Cipla USA, Inc. recalled 15,744 bottles of Cinacalcet Hydrochloride Tablets on November 14, 2025. The recall follows the discovery of a nitrosamine impurity exceeding acceptable daily intake limits. Consumers should stop using the product immediately and consult healthcare providers.

Official notice

Source-backed recall notice

No product image was available from the source feed.

Official source
FDA DRUG
Recall date
November 14, 2025
Status
ACTIVE
Severity
7/10

Quick Facts at a Glance

Recall Date
November 14, 2025
Hazard Level
HIGH
Brands
CINACALCET, Cipla USA Inc.
Category
Health & Personal Care
Sold At
Multiple Retailers
Geographic Scope
1 states
At-Risk Groups
GENERAL

What to Do Now

Use this page like a recall checklist: verify the product first, then act on the official remedy.

Immediate steps

  1. 1Stop using the product until you confirm whether it is included in the recall.
  2. 2Compare the product label, model number, UPC, color, size, and purchase location against the identifiers below.
  3. 3Follow the official remedy from FDA - Drug Safety; save photos, receipts, labels, and correspondence before contacting the company.
  4. 4If the product could harm a child, older adult, pet, or patient, move it out of reach immediately.

Check these identifiers

Brand
CINACALCET, Cipla USA Inc.
Product type
Cinacalcet Hydrochloride Tablets
Model numbers
Lot 5PB0164, exp 1/31/2027
UPC codes
69097-410, 69097-411, 69097-412, 69097-410-02, 69097-411-02, 69097-412-02
Sold at
Multiple Retailers
Where affected
ALL

Recall Timeline

Key dates and source checks for this recall record.

  1. Recall announced

    November 14, 2025

  2. Reported by FDA DRUG

    December 17, 2025

  3. RecallRadar source check

    December 24, 2025

  4. Consumer action

    Use the official remedy and keep documentation.

Hazard Information

CGMP Deviations: the presence of a nitrosamine impurity, N-nitroso-cinacalcet, above the acceptable daily intake (ADI) limits.

What You Should Do

Consumers and healthcare providers should stop using this product immediately. Contact Cipla USA, Inc. or your healthcare provider for guidance. Notification method: Letter

About This Product

Cinacalcet Hydrochloride Tablets are prescribed for managing conditions related to parathyroid hormone levels, particularly in patients with chronic kidney disease. They help regulate calcium levels in the body, making them essential for certain patients.

Why This Is Dangerous

The presence of N-nitroso-cinacalcet in the tablets poses a health risk as it exceeds acceptable daily intake limits. This impurity can lead to serious health consequences if consumed regularly.

Industry Context

This recall is not part of a broader industry pattern.

Real-World Impact

Consumers may face health risks associated with the impurity in the recalled tablets. The urgency to stop use and seek alternatives may lead to disruptions in treatment for some patients.

Practical Guidance

How to identify if yours is affected

  1. Locate the lot number on your bottle of Cinacalcet Hydrochloride Tablets.
  2. Check if it matches Lot 5PB0164.
  3. Confirm the expiration date is January 31, 2027.

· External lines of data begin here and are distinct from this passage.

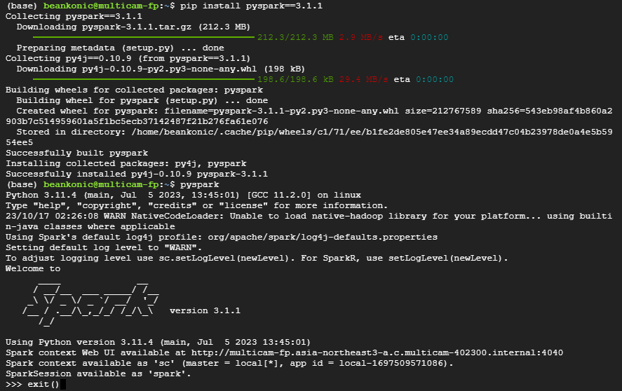 pip install pyspark==3.1.1
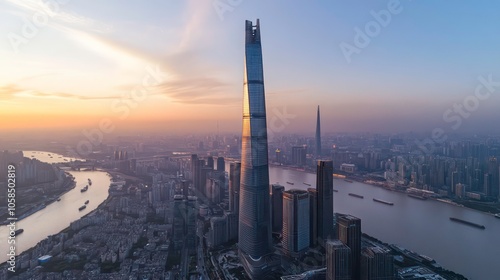 Aerial view of modern skyscrapers along a river at sunset in an urban landscape.
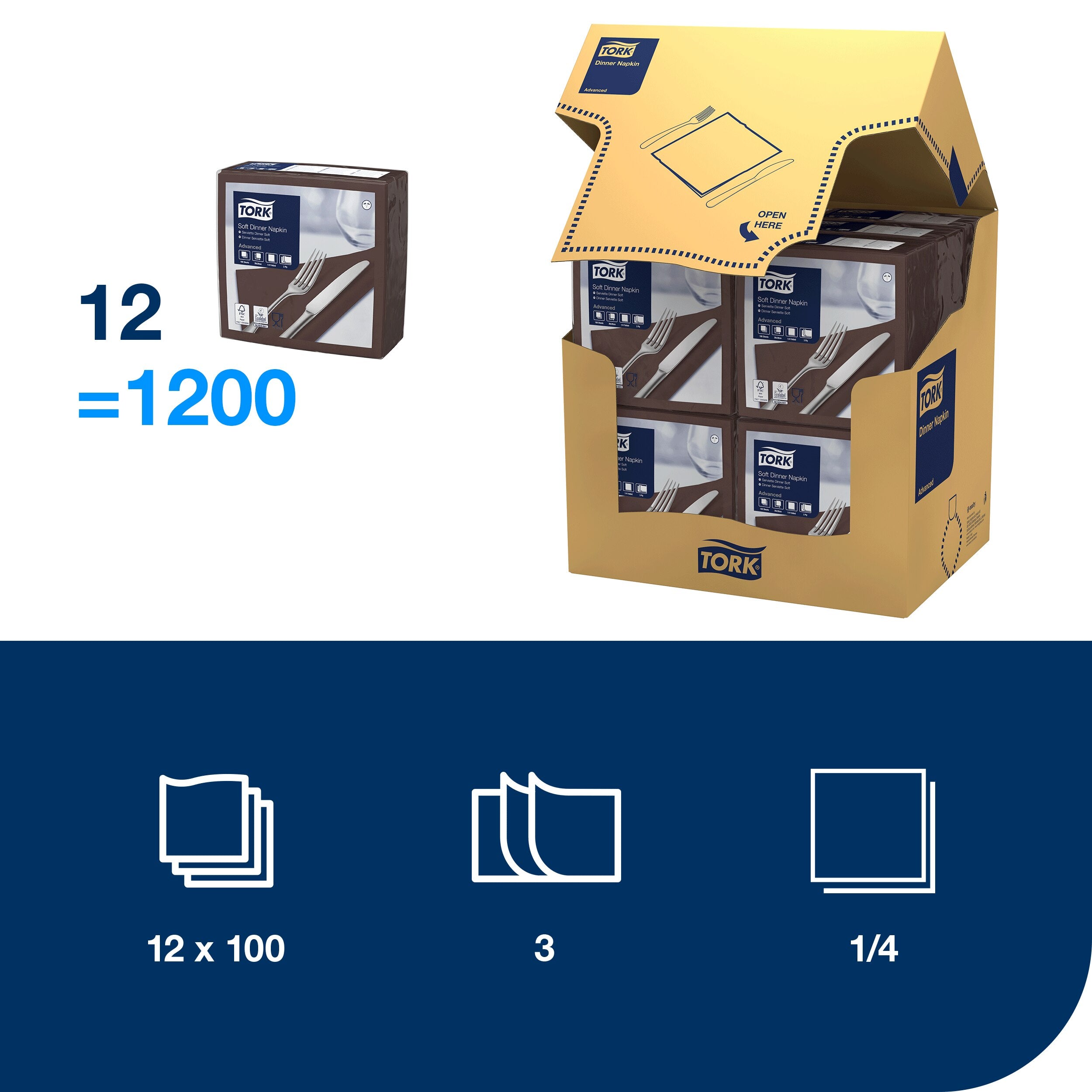 Bereichern Sie die Atmosphäre Ihres Restaurants mit unseren Tork Soft Dinnerservietten. Dank des größeren Formats bieten diese Servietten mehr Komfort. Die Qualität des Materials und die Stärke dieser 3-lagigen Papierservietten sind deutlich zu fühlen und steigern die Zufriedenheit der Gäste. Ihr Personal braucht weniger Zeit für das Eindecken der Tische, da sich die Servietten leicht falten lassen. Die breite Farbpalette dieser Servietten hilft Ihnen dabei, einen Farbton zu finden, der zur Einrichtung Ihres Restaurants passt.

Where to find product info

The lot number and expiration date can typically be found on the label or bottom of the bottle.

What timeline to expect

Expect a refund or further instructions within 4-6 weeks following the recall notification.

If the manufacturer is unresponsive

  • Contact Cipla USA, Inc. directly via phone or email.
  • Document all correspondence regarding the recall.

How to prevent similar issues

  • Always check for recent recalls on medications before use.
  • Consult your healthcare provider about alternatives if a recall occurs.

Documentation advice

Keep receipts, correspondence with the manufacturer, and any medical records related to your use of the affected product.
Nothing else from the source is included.